He is the sun that spins my frozen world.

He is the ink in my pen that had never written.

He is the bright light that shines upon my soul giving it new life and hope,

Though no man will ever know it, including himself.

 

And to his beauty,

Although any word I write will never do justice to his features.

His lips hush my trembling heart.

His voice echoes in my lonely ears.

He eyes reach into the soul that I thought no man could touch.

 

His beauty tells me that my soul may not always be alone.

His beauty whispers promises of a time when I will not have to face this life unaided.

His beauty is the wings that hold my heart,

Out of dark depression of my soul.

 

However those who I keep company with tell me he is not beauty.

They point out flaw my eyes will never see.

But if they see not his beauty

Then what must they think of me in comparison?

For if I was to compare his beauty to my own, I would the monster meant for the night

 So that no human eye may look upon me.

I would be the child parents used to stone out of fear.

 

But they tell me fear not,

For it is what makes me myself that is beautiful not my physical appearance.

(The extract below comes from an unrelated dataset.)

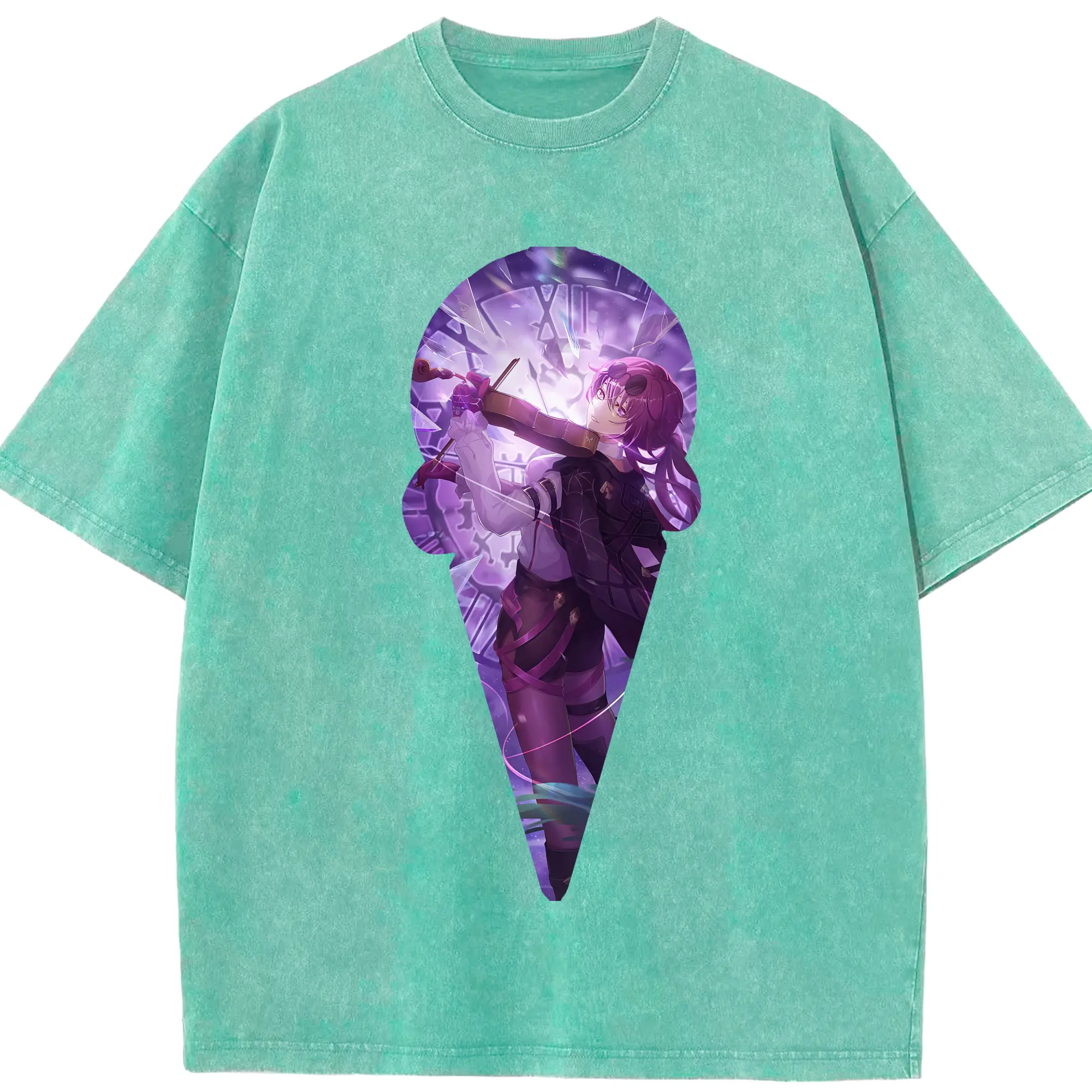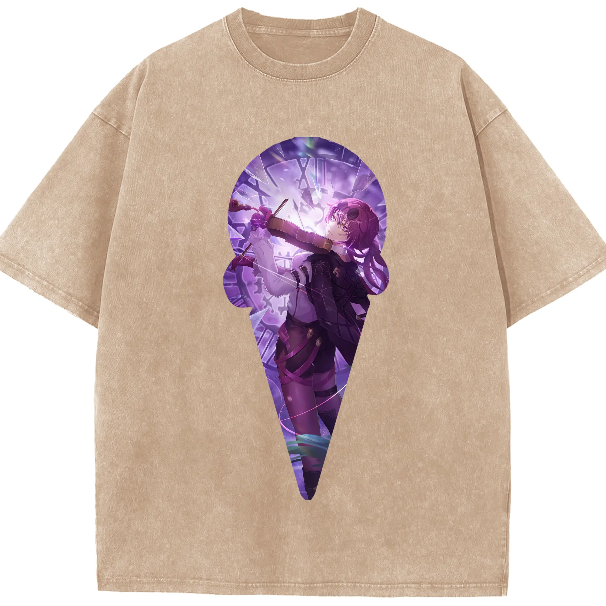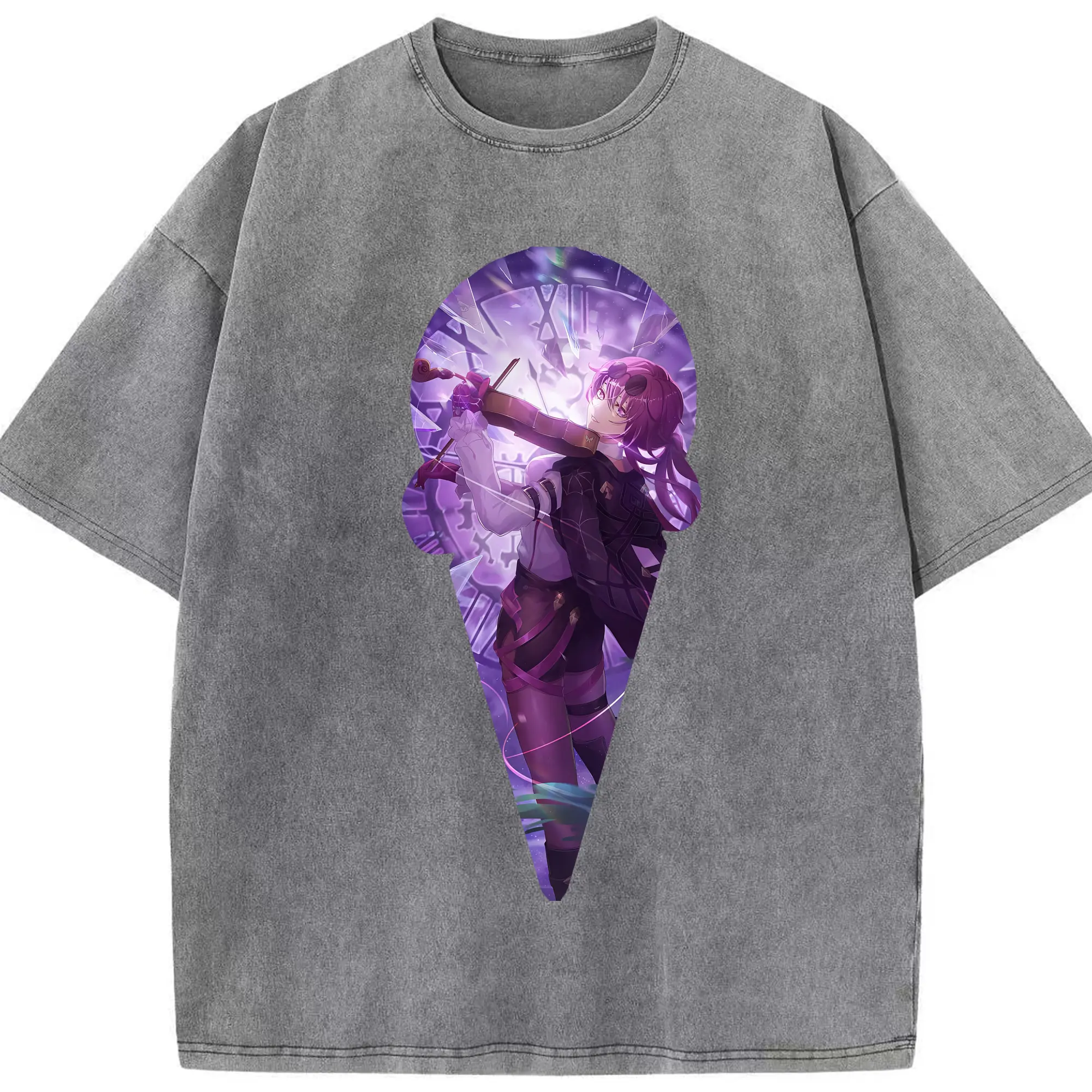 崩壊:スターレイル グッズ カフカ - 綿100% ヴィンテージ風 半袖Tシャツ ・ 背面プリント ・ 柔らか肌触り ・ 通気性 快適 ・ スポーツ カジュアル 外出用

And I suppose they mean my soul.

But if they had even caught the slightest glimpse of my true soul there’s would shrivel away to nothing.

For I know my soul,

I have spent thousands of lonely hours in the place where my soul resides.

I have seen the horrors my soul delights in.

I know the monster my soul wishes me to be.

But his beauty helps me fight that monster,

That would consume me given the smallest of chances.

 

So I have decided to believe in his beauty.

For all people of this world, including myself, know not beauty.

Their own eyes and heart lie to them, spinning tales that could never be true.

So I will see beauty where I please.

And tell me not you’re idea of beauty for I care not what lies your eyes have seen.

Instead I will be content in the lies my own eyes see,

That he is beauty.

Me In The Mirror

 

Recently I have been looking in the mirror

I find myself wondering who this girl is

She looks so much like me

But also completely different       

 

‘When did you become this stranger?’

I ask looking into the blue eyes staring back at me

She doesn’t respond with words

 But replies with the same degusted look I give her

 

I still see all the things I hated about myself

But now all the things I used to love are also gone

Replaced with even more reasons to hate the reflection

 

I often wonder if she is a different person stuck in the mirror

Maybe she has the personality to match her feature

Or maybe she is the girl I wish I could be

Moving On

 

I think I have found someone new

Who I hope will treat me better then you ever did

All that is left for me to do is to forget you

And I think I am doing a commendable job

 

I can barely remember the way your jacket smelled

On cold winter nights

Or the way that you smiled

When we would get into fights

 

The way you laughed has faded

And you almost never cross my mind anymore

 

But the truth is the scars you left on me will always remain

My Explanation

 

You don't understand.

I don't have to be emotional to hate myself.

I can smile at everyone and still be depressed.

 

You don't understand because you're not broken.

I realize that I am both loved and accepted,

 

But I still want to kill myself.

My Knight

 

You are my shimmering shinning glowing knight

How you are everything I have ever needed.

Oh but the cruel Ironies of this life, for he is my all

But he is everything that would wish to cause me pain.

 

His eyes tell me he will never look upon me with love.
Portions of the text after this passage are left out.